*** Opening of RECORDED INFORMATION ***

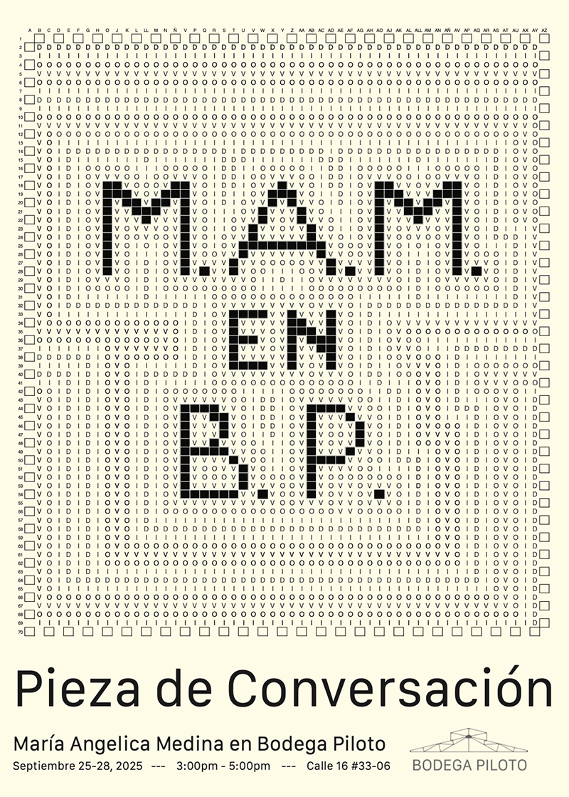At Bodega Piloto, María Angélica Medina presents Piece of Conversation, a project that since 1976 has revolved around talking, listening, and sharing. The artist uses weaving as her language: each thread, repetition, and gesture builds a work that grows over time. Beyond its size or color, the most important thing is weaving in community: next to the artist is an empty chair inviting anyone to sit down and join the dialogue.
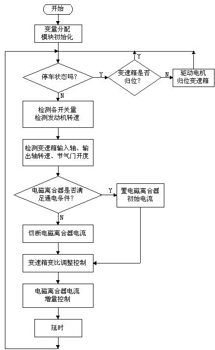 TCU控制系統(tǒng)主程序框圖如圖3所示。程序首先對(duì)內(nèi)部RAM進(jìn)行分配,然后對(duì)各功能模塊如Administrator/D轉(zhuǎn)換器、定時(shí)器、PWM波形發(fā)生器等進(jìn)行初始化。變速箱的變比在汽車每次時(shí)應(yīng)處于最小變比的位置,因此在每次停車時(shí)應(yīng)將變速箱歸位,汽車起動(dòng)后首先檢測(cè)各參數(shù),如檔位開(kāi)關(guān)、發(fā)動(dòng)機(jī)轉(zhuǎn)速、節(jié)氣門開(kāi)度、變速箱輸入、輸出軸轉(zhuǎn)速等。這些參數(shù)是控制電磁離合器電流和電動(dòng)機(jī)狀態(tài)的依據(jù)。當(dāng)需要增加變速箱的變比時(shí),TCU控制電機(jī)正轉(zhuǎn),反之控制電機(jī)反轉(zhuǎn)。電磁離合器的控制采用電流增量控制方式。它的控制好壞,直接影響汽車運(yùn)行的平穩(wěn)性和經(jīng)濟(jì)性。
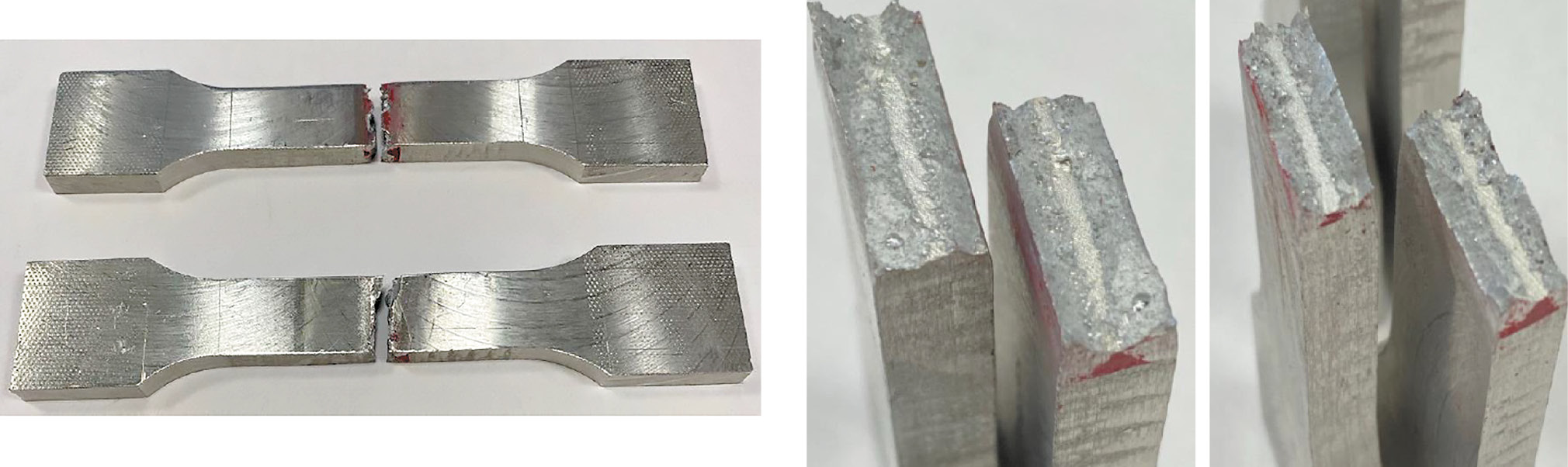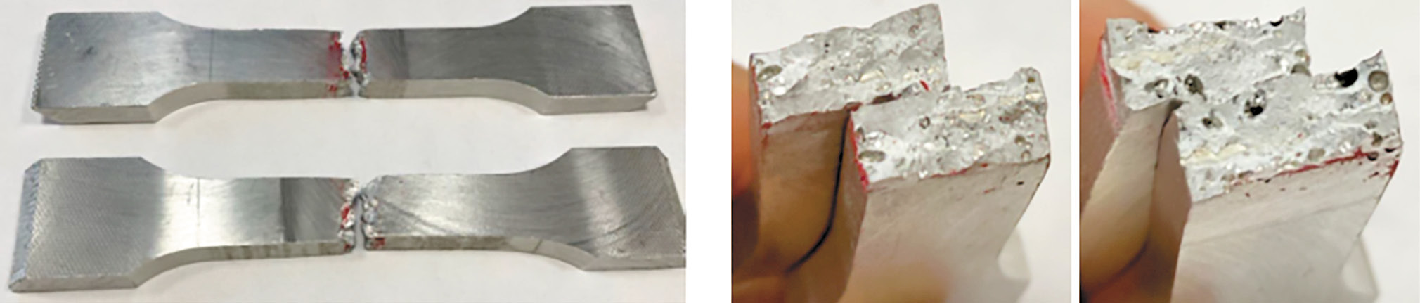 Рис. 15. Разорванные образцы из напечатанного алюминия, сваренного с 6082Т4.
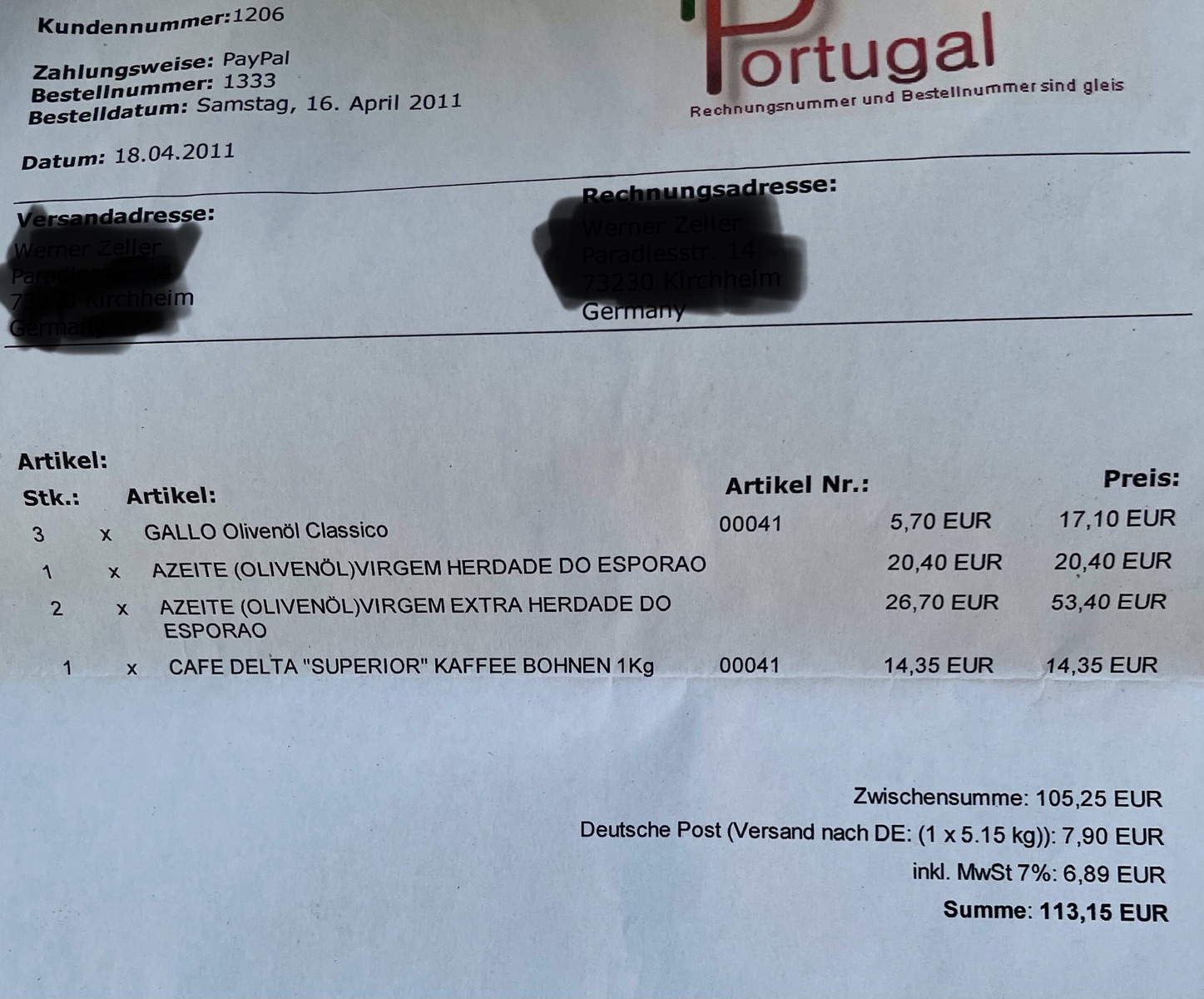 Ich hab‘ den Karton jetzt vollends ausgepackt und eine Rechnung gefunden:
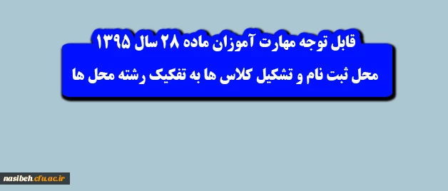 اطلاعیه شماره 1 مهارت آموزان ماده 28 سال 1395: محل ثبت نام و تشکیل کلاس ها به تفکیک رشته محل ها 2
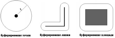 В современных ГИС буферные зоны создаются автоматически, причем построить их можно вокруг объектов любых типов. Говоря проще, буферные зоны – это могут быть эпидемиологические зоны, зоны техногенных катастроф (розлив нефти, авария на атомной станции), зоны дальнего действия различных радиотехнических устройств и систем и т.д.
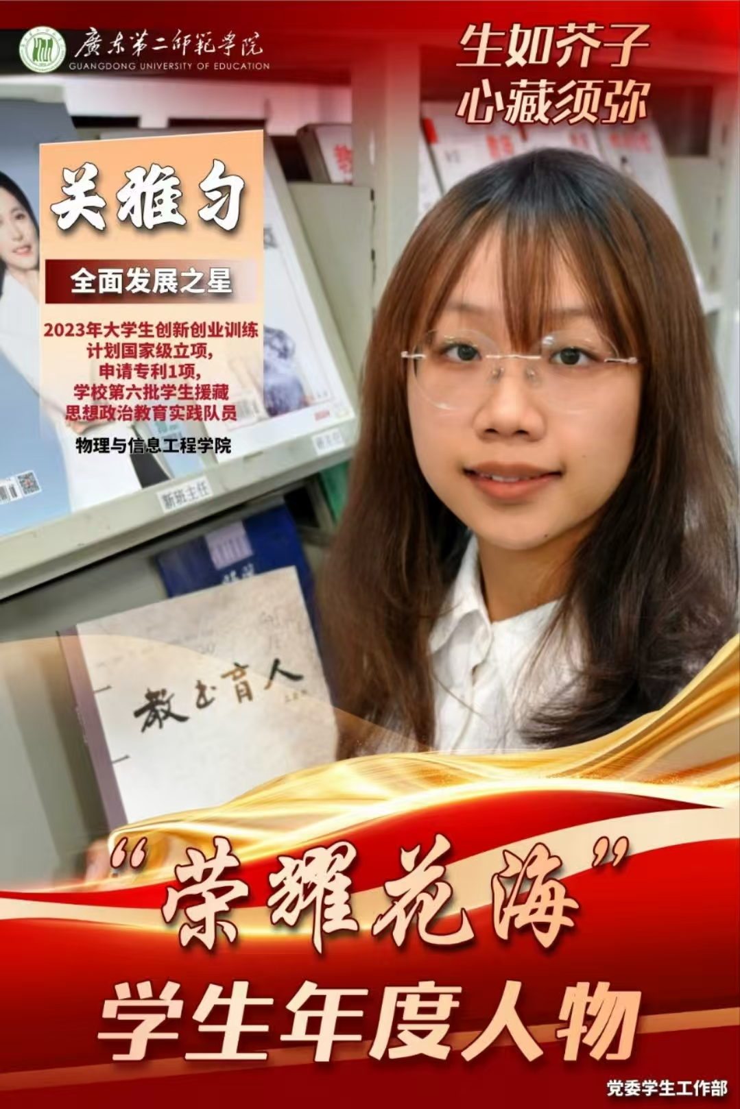 她勤学好问,善于思考,始终保持着高度的热情与严谨的态度。成绩连续三年稳居班级前列,多次荣获“优秀学生一等奖学金”及“国家奖学金”。她不仅在专业知识上精益求精,更在教学上不断探索与创新,荣获第十四届格致杯全国物理师范生技能比赛二等奖、广东省师范生技能大赛二等奖,为成为一名优秀的物理教师打下了坚实的基础。
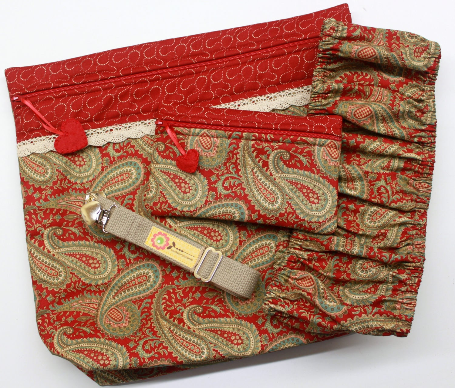 These bags are perfect for projects to take along with you as well as all kinds of crafts that you want to keep clean and away from sticky fingers or curious pets. They measure 10.5" by 13" and are padded and fully lined. Each one has a hand stitched wool felt heart for the zipper pull.
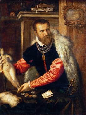 Titian, Portrait of Jacopo Strada, 1567. His hands hold the work of art but his eyes engage the unseen collector in a timeless image of salesmanship
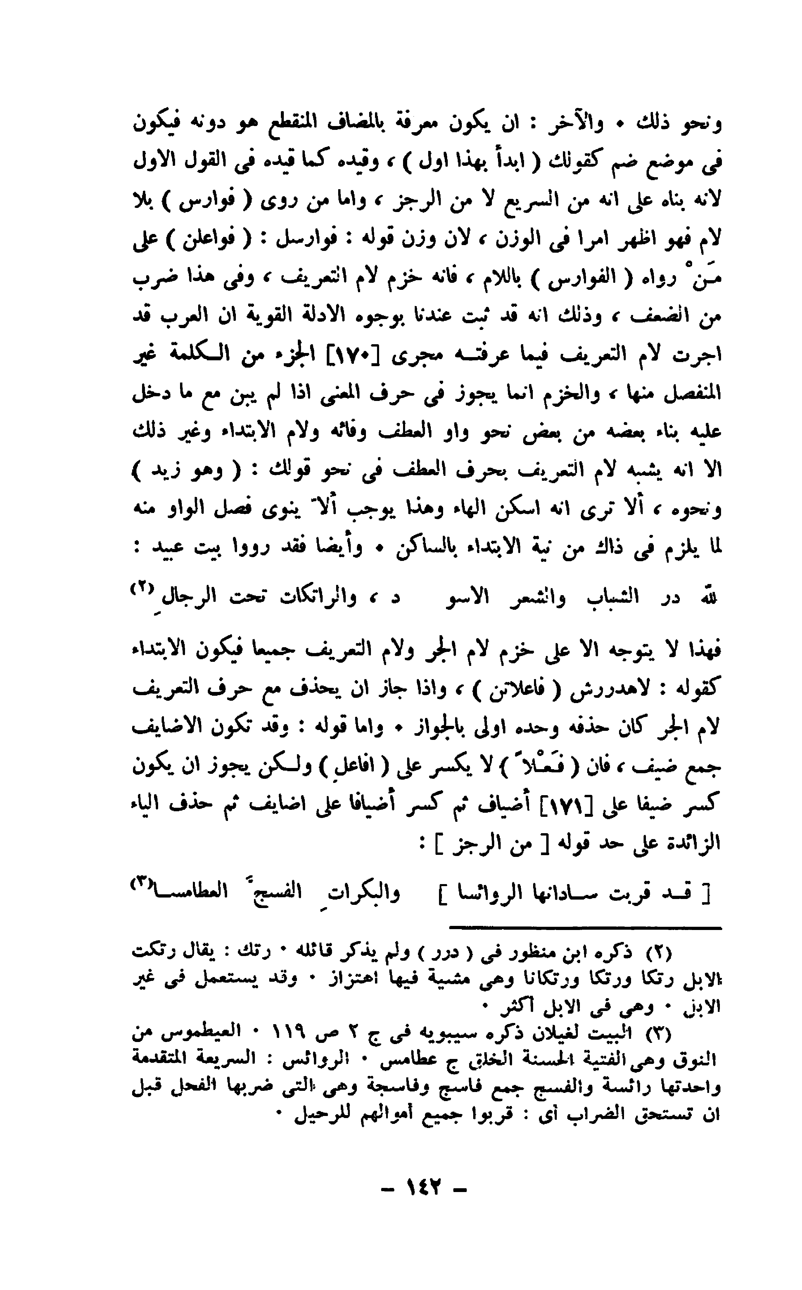 فهذا لا يتوجه إلا على خزم لام الجر ولام التعريف جميعا فيكون الابتداء كقوله: لا هدررش " فاعلاتن "، وإذا جاز أن يحذف مع حرف التعريف لام الجر كان حذفه وحده أولى بالجواز. وأما قوله: وقد تكون الأضايف جمع ضيف، فإن " فَعْلاً " لا يكسر على " أفاعل " ولكن يجوز أن يكون كسر ضيفا على أضياف ثم كسر أضيافا على أضايف ثم حذف الياء الزائدة على حد قوله " من الرجز ":

*** Close of RECORDED INFORMATION ***

[TASK TO COMPLETE]
Though the entries above contain pictures, none should be copied; reproduce only the lines between the one holding "TCU控制系統(tǒng)主" and the one holding "Ich hab‘ den", inclusive, exactly as written.

[FINISHED TASK]
 TCU控制系統(tǒng)主程序框圖如圖3所示。程序首先對(duì)內(nèi)部RAM進(jìn)行分配,然后對(duì)各功能模塊如Administrator/D轉(zhuǎn)換器、定時(shí)器、PWM波形發(fā)生器等進(jìn)行初始化。變速箱的變比在汽車每次時(shí)應(yīng)處于最小變比的位置,因此在每次停車時(shí)應(yīng)將變速箱歸位,汽車起動(dòng)后首先檢測(cè)各參數(shù),如檔位開(kāi)關(guān)、發(fā)動(dòng)機(jī)轉(zhuǎn)速、節(jié)氣門開(kāi)度、變速箱輸入、輸出軸轉(zhuǎn)速等。這些參數(shù)是控制電磁離合器電流和電動(dòng)機(jī)狀態(tài)的依據(jù)。當(dāng)需要增加變速箱的變比時(shí),TCU控制電機(jī)正轉(zhuǎn),反之控制電機(jī)反轉(zhuǎn)。電磁離合器的控制采用電流增量控制方式。它的控制好壞,直接影響汽車運(yùn)行的平穩(wěn)性和經(jīng)濟(jì)性。
 Рис. 15. Разорванные образцы из напечатанного алюминия, сваренного с 6082Т4.
 Ich hab‘ den Karton jetzt vollends ausgepackt und eine Rechnung gefunden:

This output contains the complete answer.